I’ve listed these three as personal pet peeves, but if you start to pay attention, you’ll find more. When defining types, start asking yourself:
- How can someone create values of this type?
- Is that the only way?
- What should be possible to do with this type?
- Is my language implicitly defining unwanted operations on my type by default?
We rarely get to choose the language we use, and even when we do, every language has its own warts. None are going to offer the exacting precision for defining types that exists in the world of theory.
And yet, we can familiarize ourselves with those warts and the tools the language does offer. That learned familiarity, and a constant eye towards intro and elim forms, lets us sharpen the meaning of our types, making the code we write more powerful.
Appendix: tools for defining intro and elim forms
An informal and non-exhaustive list of some features that many languages have around controlling intro and elim forms. If you have any common tricks, feel free to tell me about them! I may update this list over time.
Visibility modifiers
If you make a method private, that removes an elim form from your
type.
If you make a constructor private, that removes an intro form from your
type.
Abstract methods and interfaces
Even though in many languages these only allow specifying elim forms, they’re still wildly useful. My personal experience also tells me that they’re wildly underused.

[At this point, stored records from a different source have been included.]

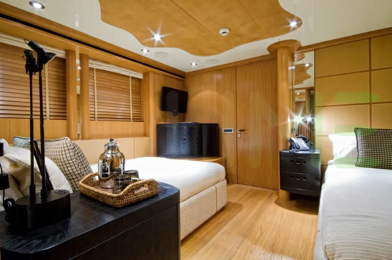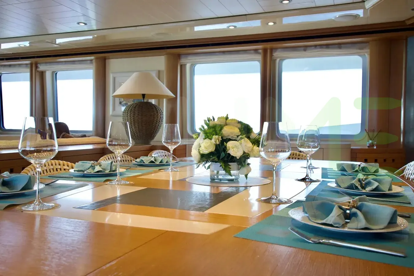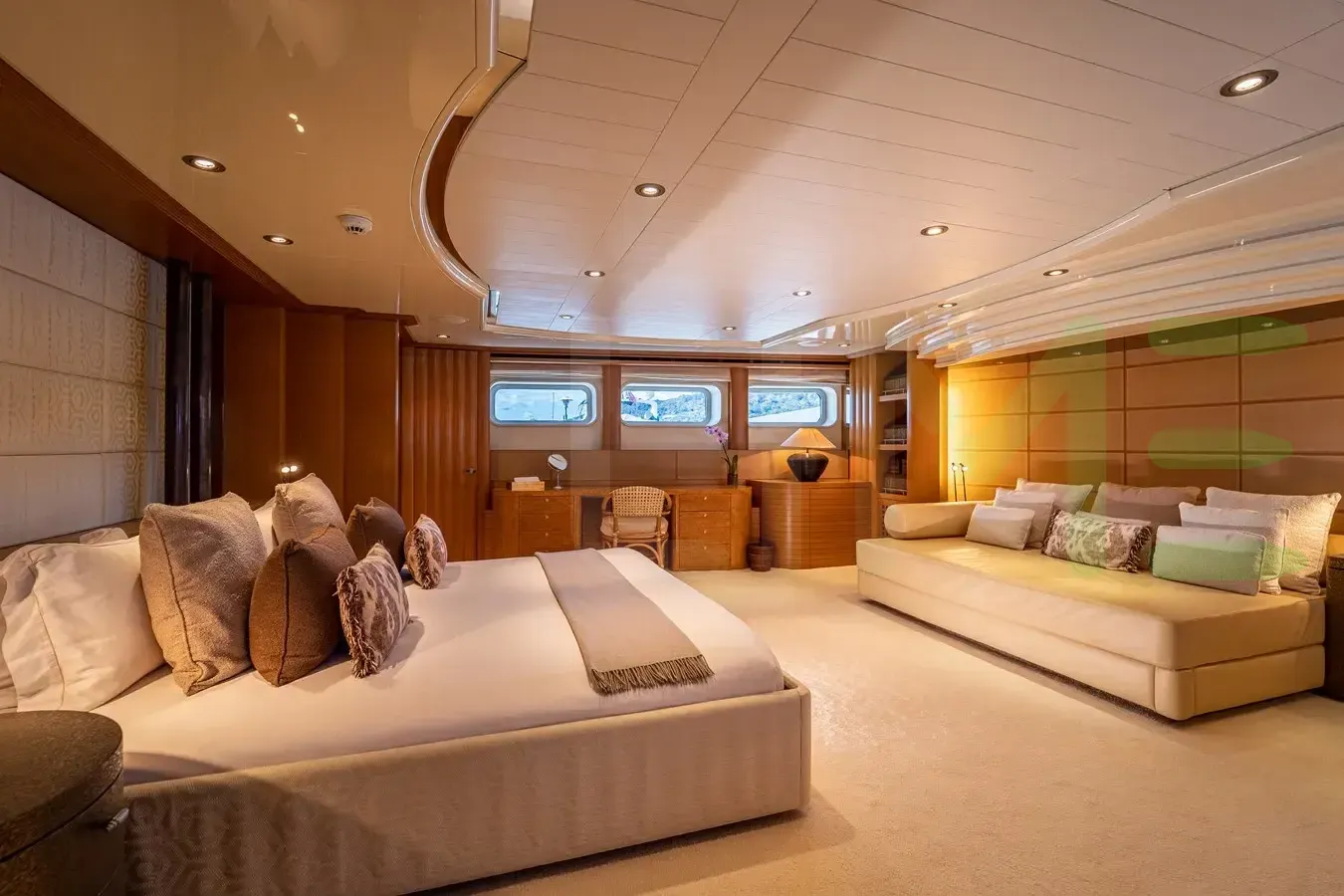 With a gross tonnage of 417, the KIJO yacht for charter provides ample interior space for enjoyment. KIJO offers accommodations for up to 12 guests in 5 lavishly appointed staterooms. She can also carry up to 8 crew onboard, including the Captain, to ensure a relaxed luxury yacht charter experience. The interior design by Terence Disdale Design exudes a sense of luxury, seamlessly blending comfort with style.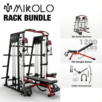 Mikolo - Smith Machine,2200 lbs Power Rack Cage with 800 lbs Weight Bench and Cable Crossover System, Weight Bar - Red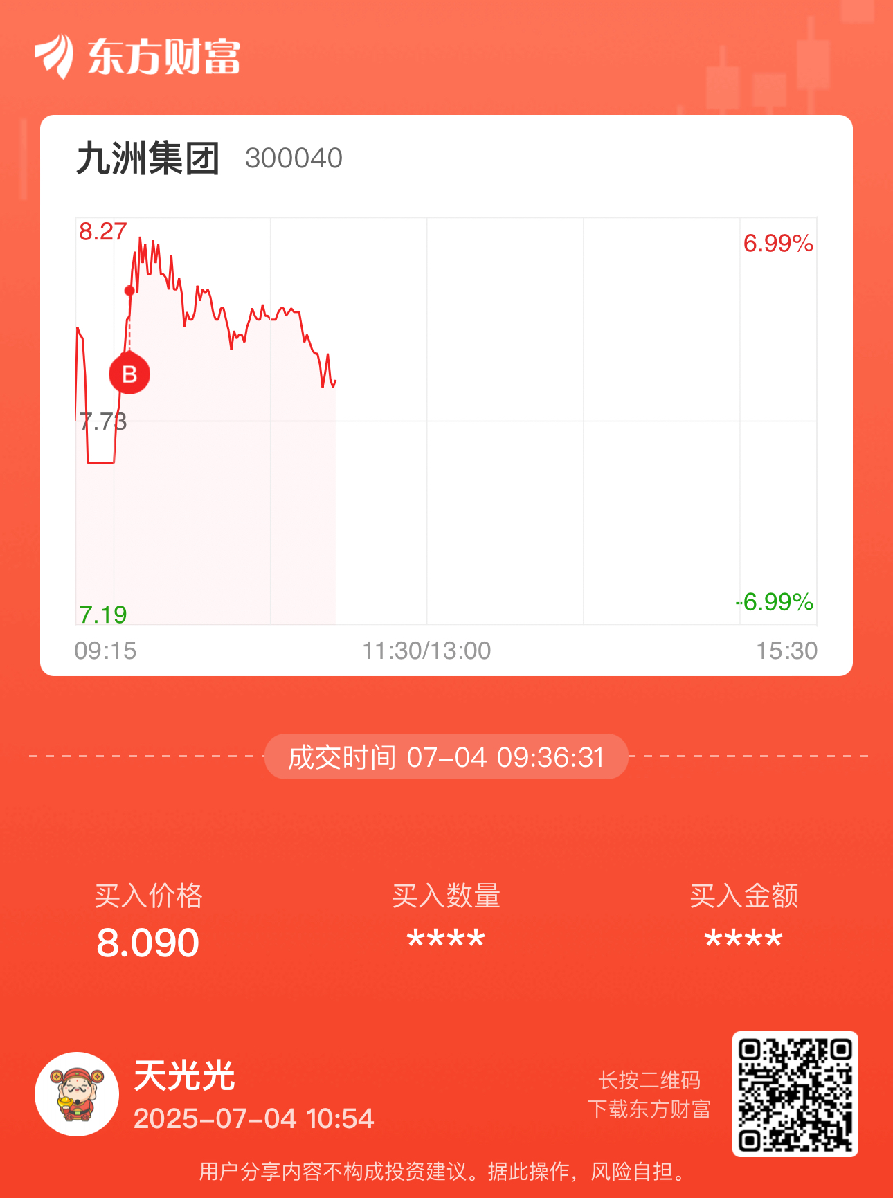 温馨提示: 1.根据《证券法》规定,禁止编造、传播虚假信息或者误导性信息,扰乱证券市场;2.用户在本社区发表的所有资料、言论等仅代表个人观点,与本网站立场无关,不对您构成任何投资建议。用户应基于自己的独立判断,自行决定证券投资并承担相应风险。《东方财富社区管理规定》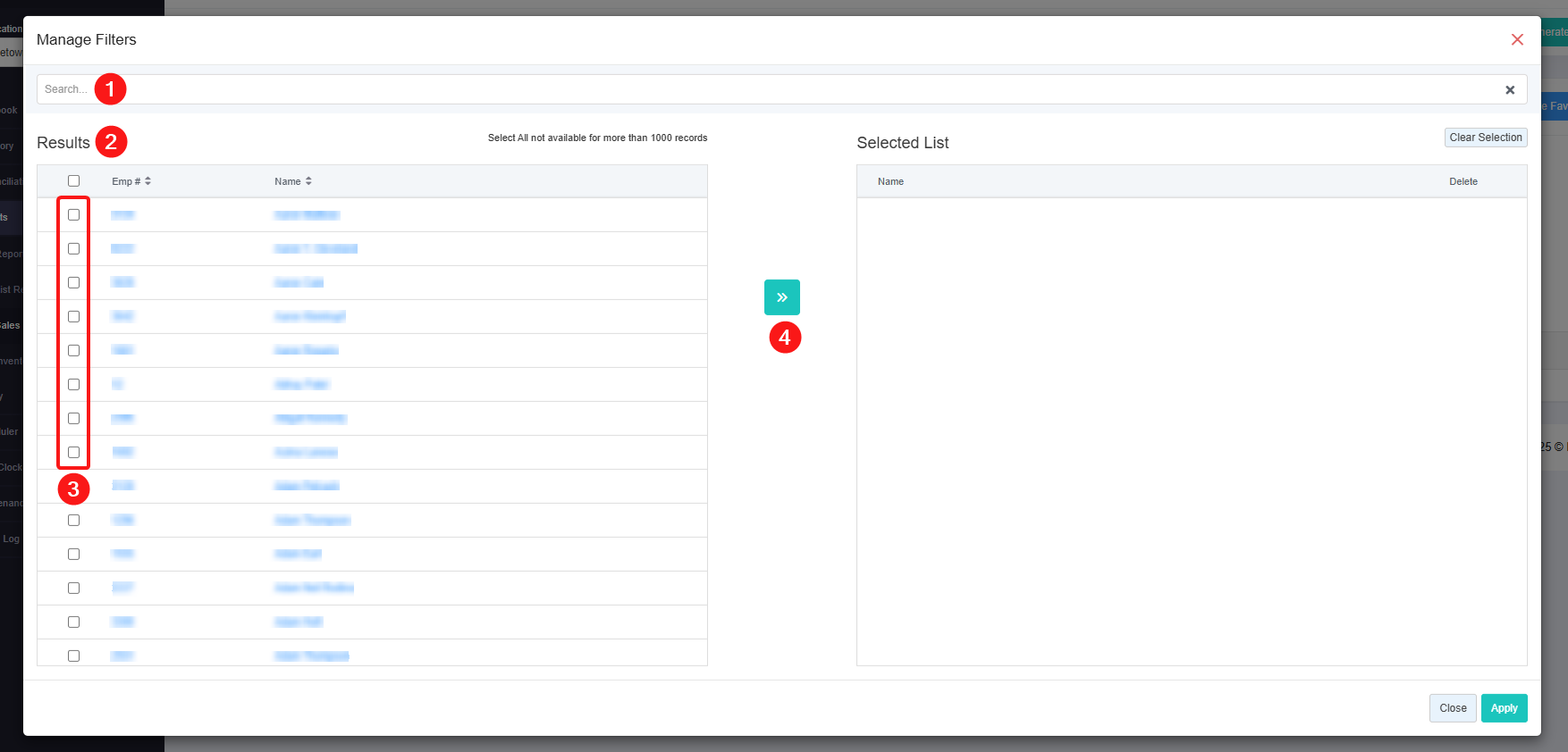 - 3: Selection Checkboxes: Select the required employees by checking the appropriate checkboxes.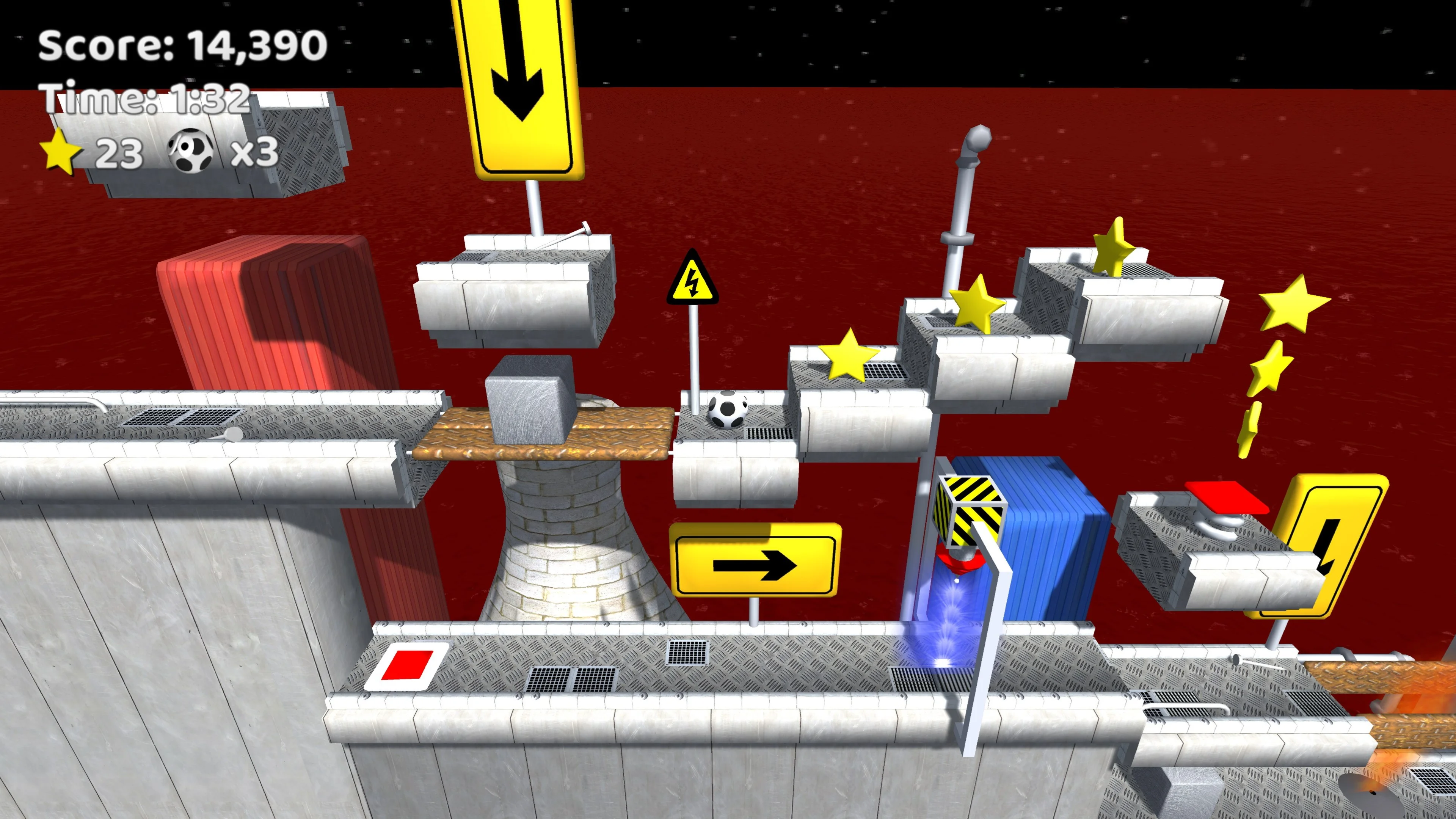 On A Roll 3D is a classic platformer that mixes the regular 2D format with a 3D twist as many of the platforms cross in front of each other. There are plenty of puzzles thrown in that combine realistic physics and logical reasoning with switches, levers and pushable blocks required to open doors and trapdoors, and to reach otherwise inaccessible places.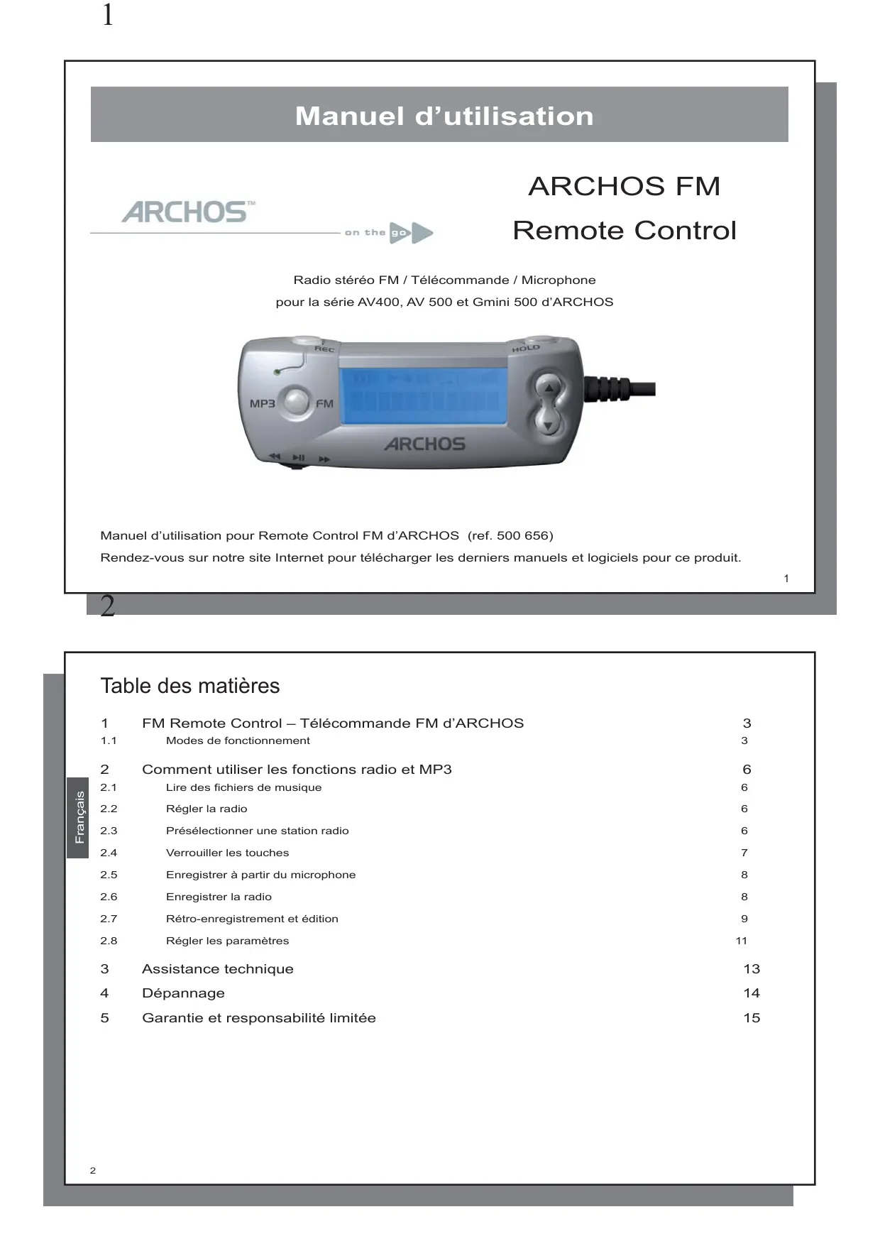 Manuel d’utilisation ARCHOS FM Remote Control Radio stéréo FM / Télécommande / Microphone pour la série AV400, AV 500 et Gmini 500 d’ARCHOS Manuel d’utilisation pour Remote Control FM d’ARCHOS (ref. 500 656) Rendez-vous sur notre site Internet pour télécharger les derniers manuels et logiciels pour ce produit.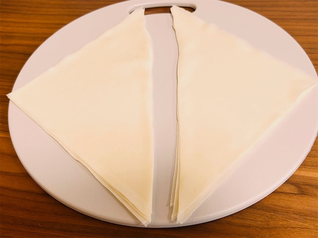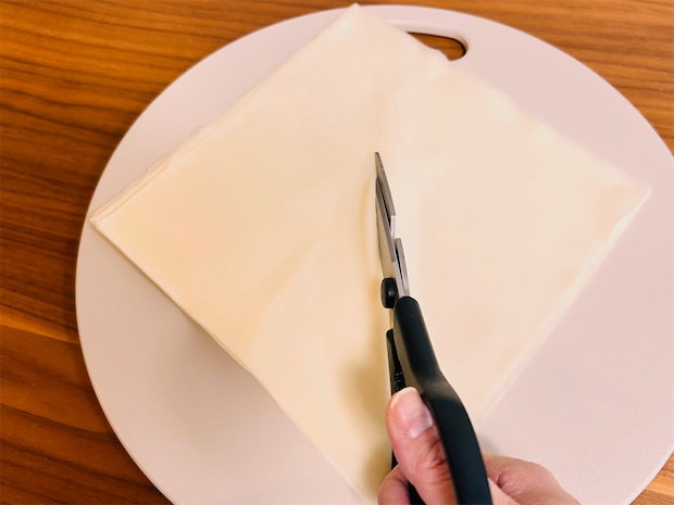 5. 春巻きの皮を、キッチンばさみを使って、対角線上で半分にカットします。

Interfaces allow multiple classes to share the same elim forms. They also allow a form of “self control,” where a method promises to only use some of the elim forms that a type might otherwise have. Providing fewer elim forms makes a type’s mental model smaller and more understandable.
Smart constructors
Usually just a clever use of visibility modifiers and static methods, not something built into the language. Most languages don’t allow specifying the return type of a constructor, which places limits on what kinds of intro forms you can define. You can get around this by marking the constructor private, providing your own static method which creates instances of the class (which may have an arbitrary return type).
In this C++ example, we see the CardNumber::make
method
returns optional<CardNumber>
, in effect saying that
constructing a CardNumber
might fail:
class CardNumber {
private:
string number_;
CardNumber(string number) : number_(number) {}
public:
static optional<CardNumber> make(string number) {
if (!luhnCheck(number)) {
return nullopt;
}
return CardNumber(number);
}
string number() { return this->number_; }
}
The only way to introduce a value of type CardNumber
is
to call make
. That function will return
nullopt
if the provided number is invalid according to the
Luhn
algorithm.
Appendix: operational vs denotational semantics
If you want to get very into the weeds, the idea that all types are defined by introduction and elimination forms assumes you’re approaching type theory from an operational semantics viewpoint.
Simply as a disclaimer, I want to note that this is not the only viewpoint from which to approach type theory. Another popular approach uses denotational semantics, where instead of describing a type by what it does, you describe a type by what mathematical properties all elements of that type have.
There are fun real-world insights to draw from denotational semantics too, but that’ll have to be some other post.